Mais il faut mettre ce coût en perspective. Une réorientation en première année universitaire représente, elle aussi, un coût : une année perdue ou ralentie, des frais pédagogiques supplémentaires, un impact sur la motivation et parfois sur la santé mentale du jeune. Sans compter que les familles qui font le choix du coaching ne le font pas toujours pour « avoir des stratégies » face à Parcoursup, elles le font parce que leur enfant est perdu, anxieux, incapable de formuler un projet cohérent, et que ni l’école ni les dispositifs publics n’ont pu l’aider à y voir plus clair dans un délai acceptable.
La vraie question n’est donc pas « faut-il déconseiller le coaching ? » mais plutôt : « pourquoi tant de familles ressentent-elles ce besoin, et que peut-on faire pour que l’accompagnement personnalisé devienne accessible à tous ? »
Coaching et école publique : une complémentarité, pas une concurrence
Il serait réducteur d’opposer le coaching étudiant au système public d’orientation scolaire. Les bons coachs ne prétendent pas remplacer les professeurs, les psys EN ou les conseillers d’orientation, ils occupent un espace que ces acteurs ne peuvent pas couvrir, précisément parce que le temps individuel consacré à chaque élève dans le système public est structurellement insuffisant.
Ce que le coaching apporte, c’est avant tout un regard extérieur bienveillant et formé, un espace de parole déconnecté des enjeux de notation, et une méthodologie éprouvée pour aider un jeune à articuler ses aspirations avec les réalités du marché du travail et de l’enseignement supérieur. Ce n’est pas de la triche. Ce n’est pas de la stratégie cynique.
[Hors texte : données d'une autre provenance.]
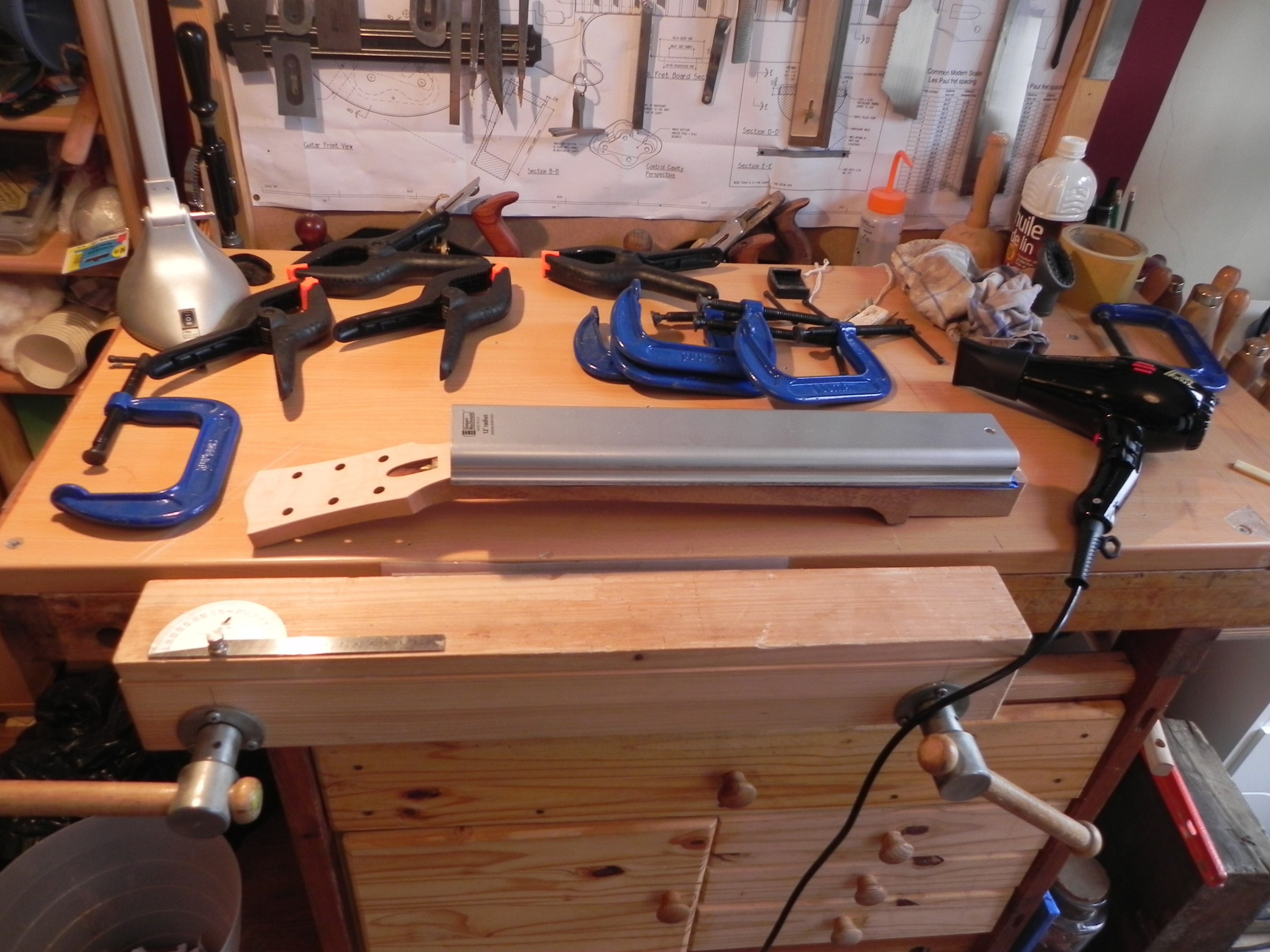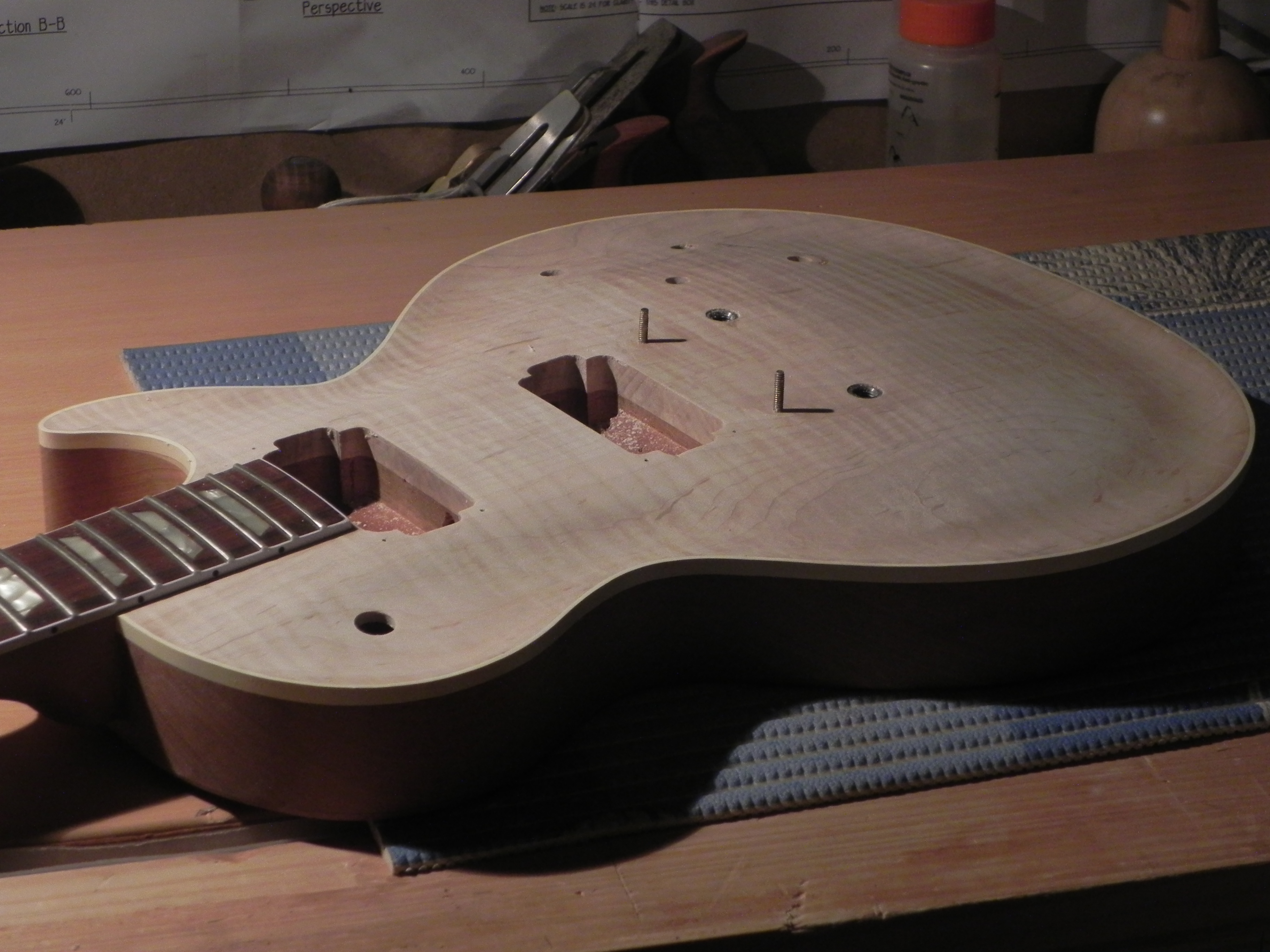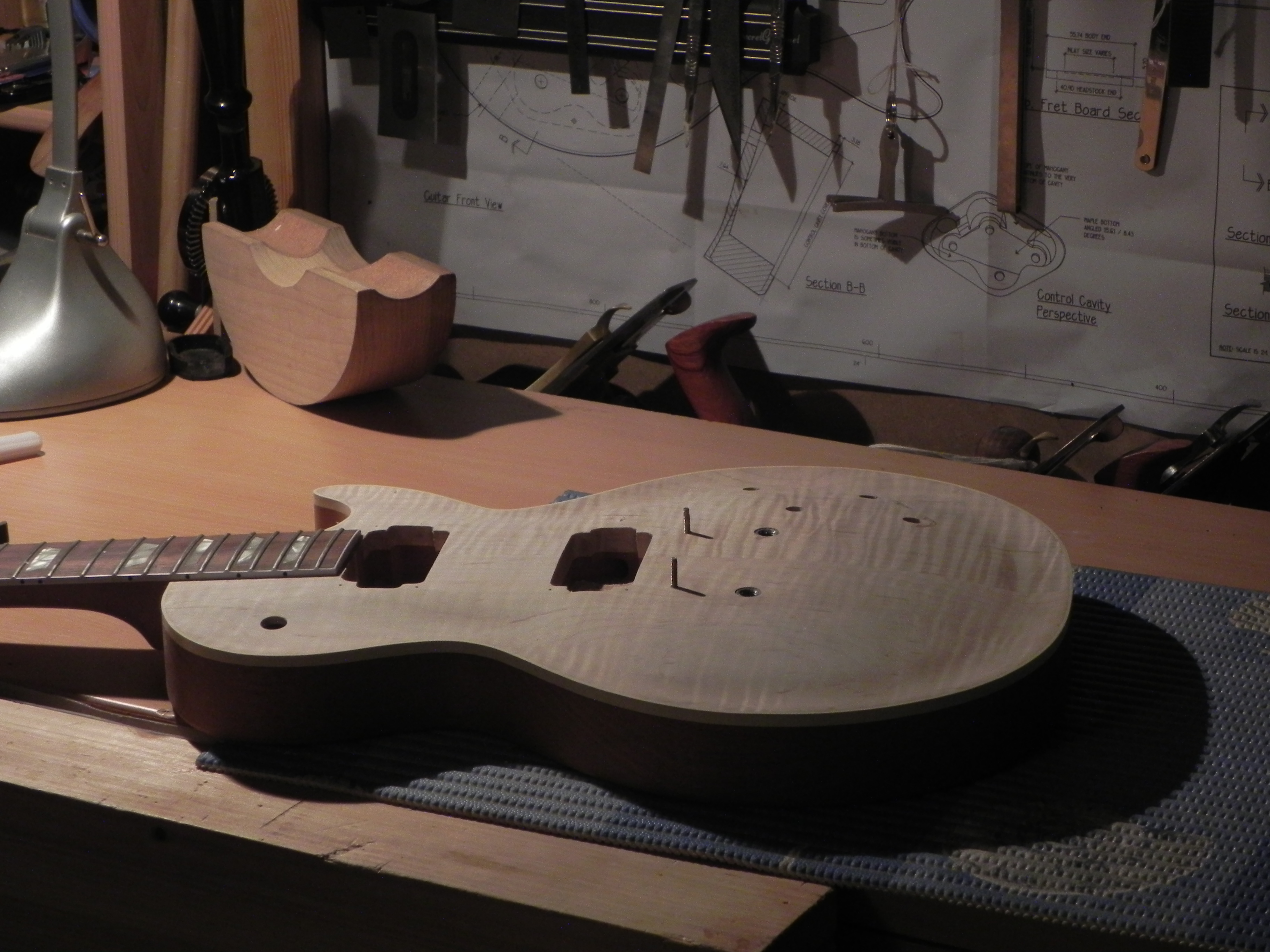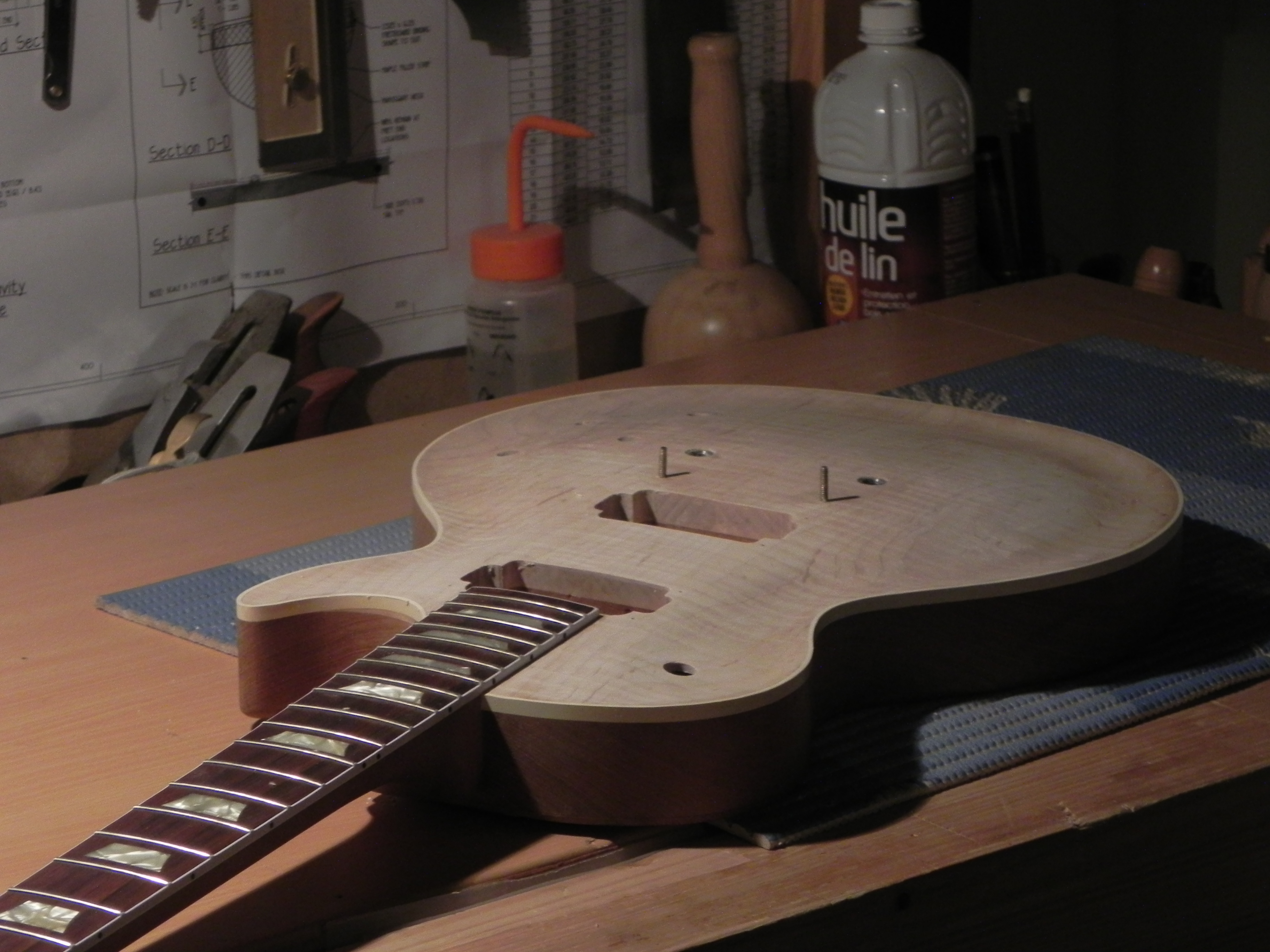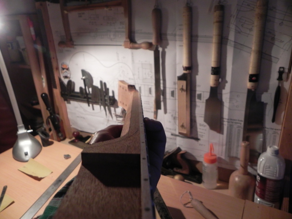 bon bé j'ai plus qu'a faire l'arrondi sur le back et après poncage le corps sera prêt pour accueillir le manche!!!

C’est de l’accompagnement humain, le même type d’accompagnement que l’on souhaiterait voir accessible à tous les lycéens, dans un système idéal.
En attendant que ce système idéal existe, et alors que le ministre lui-même reconnaît que « la plupart du temps, les jeunes ne sont pas prêts » à l’heure de l’orientation, il semble difficile de reprocher aux familles de chercher, par leurs propres moyens, à aider leurs enfants à trouver leur voie.
Conclusion : donner à chaque jeune les moyens de se connaître
Trouver sa voie ne s’improvise pas, et l’orientation scolaire est l’une des décisions les plus structurantes de la vie d’un adolescent. Le faire dans un cadre rassurant, avec un professionnel qui prend le temps d’écouter, de questionner et d’accompagner, sans agenda caché, sans pression de performance, est une chance que beaucoup de jeunes méritent de vivre.
Le coaching étudiant et lycéen, lorsqu’il est exercé sérieusement et éthiquement, n’est pas un luxe superflu réservé aux classes favorisées. C’est une réponse concrète à une réalité que personne ne conteste vraiment : nos lycéens manquent de temps pour se connaître, et notre système éducatif, aussi bienveillant soit-il dans ses intentions, ne peut pas toujours leur offrir ce qu’ils ont le plus besoin: une présence attentive, un miroir bienveillant et des outils pour construire un projet de vie qui leur ressemble vraiment.